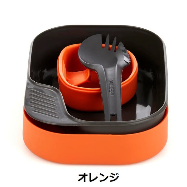 キャンプボックス ライトは、一人分の食事を全てサーブできるように設計された、コンパクトなメスキット (食事用の道具)。取り皿として使える2枚のプレートを蓋と受け皿にして、中に折りたたんだフォールダーカップとスポークが収まる仕組みで、キャンプやピクニックなど、軽食をとる場面で幅広く活用できます。
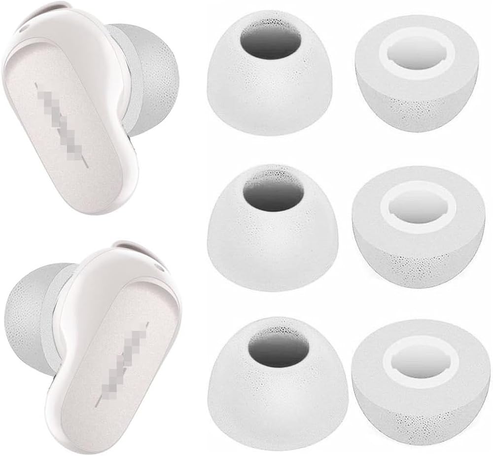 Replacement Foam Ear Tips Compatible with Bose QuietComfort Earbuds II, perfectly fit in the charge case and give your Earbuds a new life when the OEM tips missing or when the OEM tips do not fit for you ears.
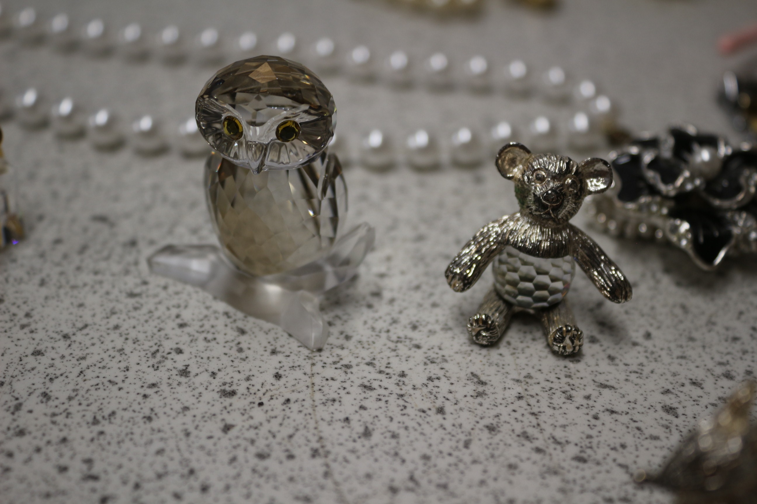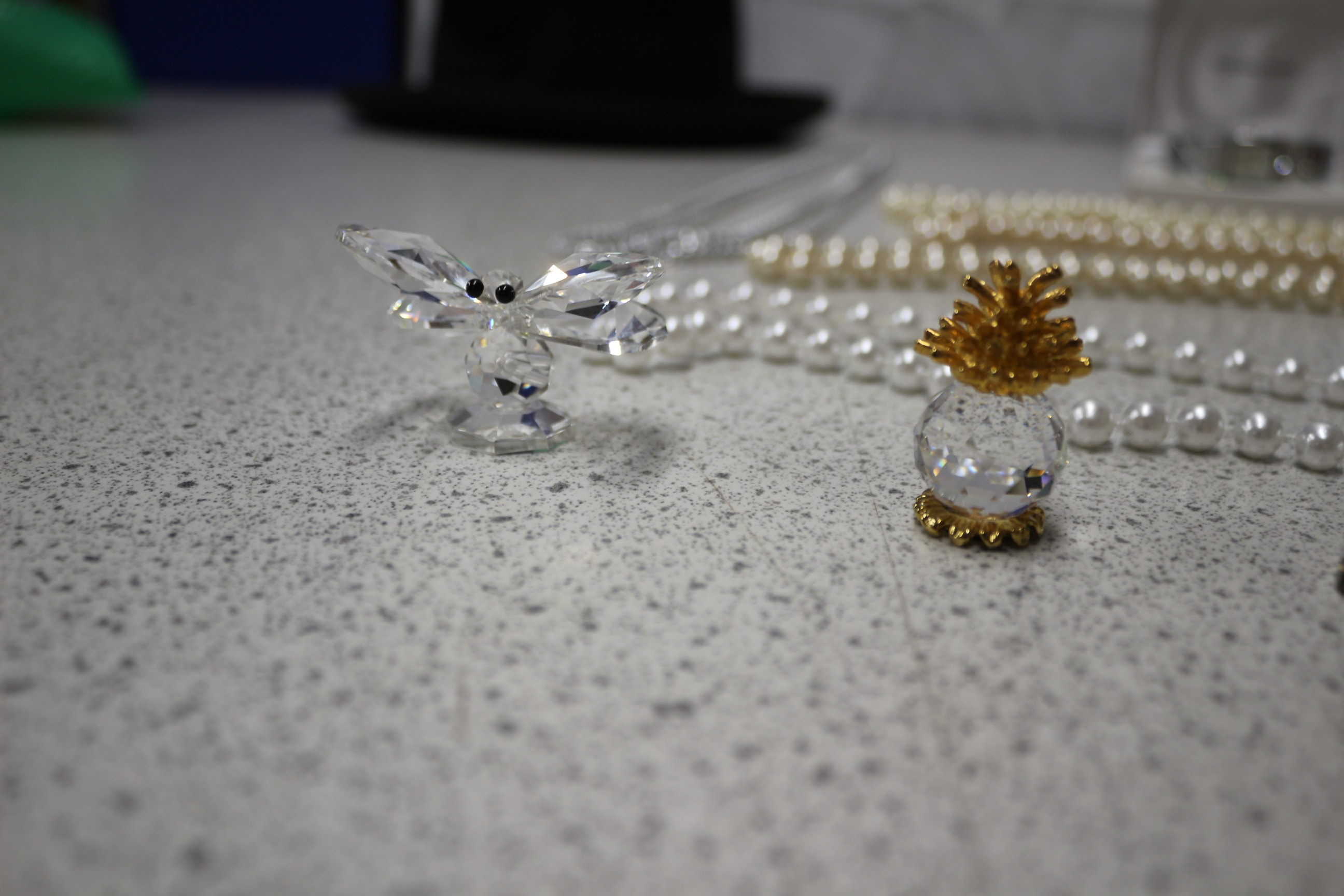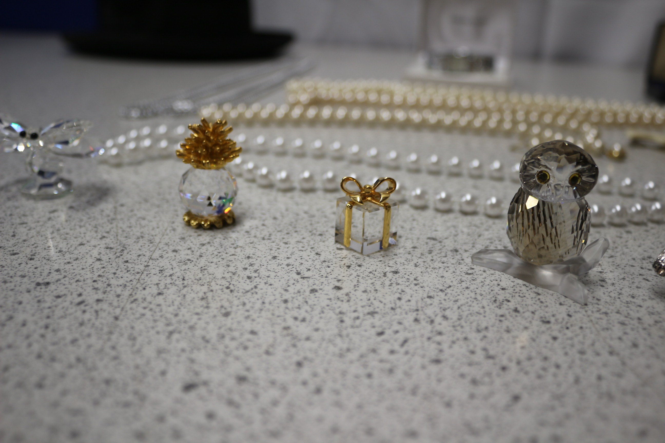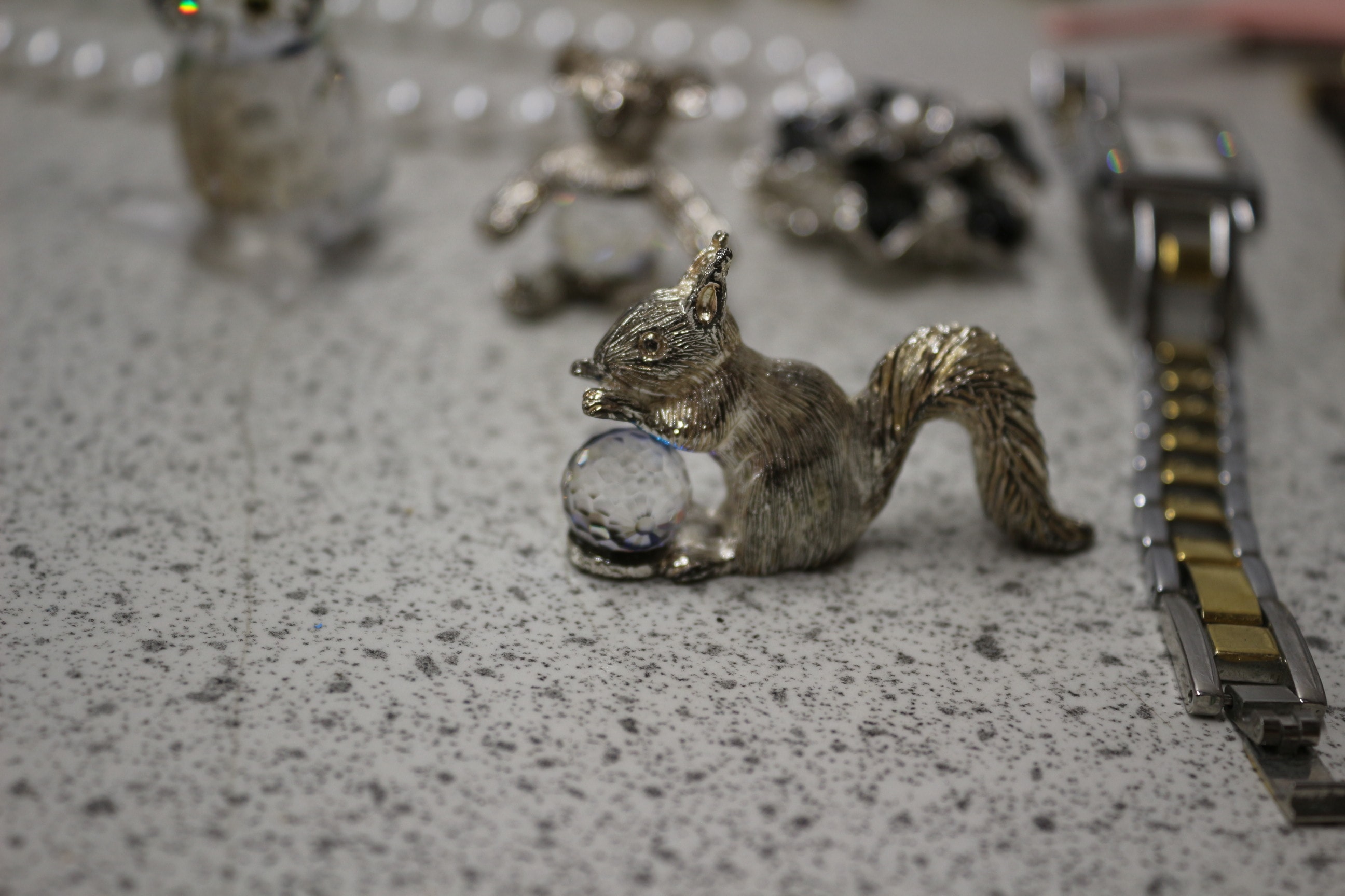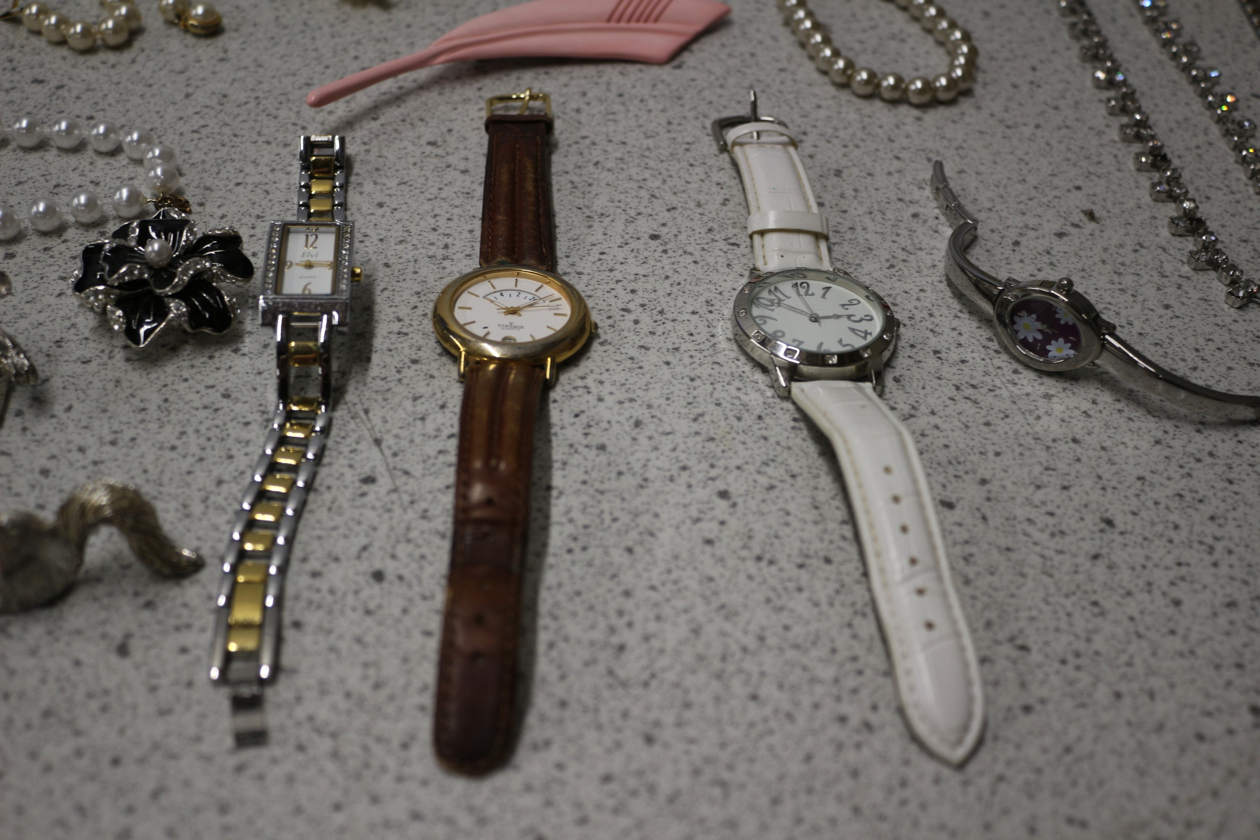 This lot includes one black bowler hat, wristwatches, necklaces, bracelets, two jewellery boxes, small decorative figurines and more.
--------------------------------
Your instructions: Apart from its pictures, the data is to be repeated exactly.

Solution to this task:
 キャンプボックス ライトは、一人分の食事を全てサーブできるように設計された、コンパクトなメスキット (食事用の道具)。取り皿として使える2枚のプレートを蓋と受け皿にして、中に折りたたんだフォールダーカップとスポークが収まる仕組みで、キャンプやピクニックなど、軽食をとる場面で幅広く活用できます。
 Replacement Foam Ear Tips Compatible with Bose QuietComfort Earbuds II, perfectly fit in the charge case and give your Earbuds a new life when the OEM tips missing or when the OEM tips do not fit for you ears.
 This lot includes one black bowler hat, wristwatches, necklaces, bracelets, two jewellery boxes, small decorative figurines and more.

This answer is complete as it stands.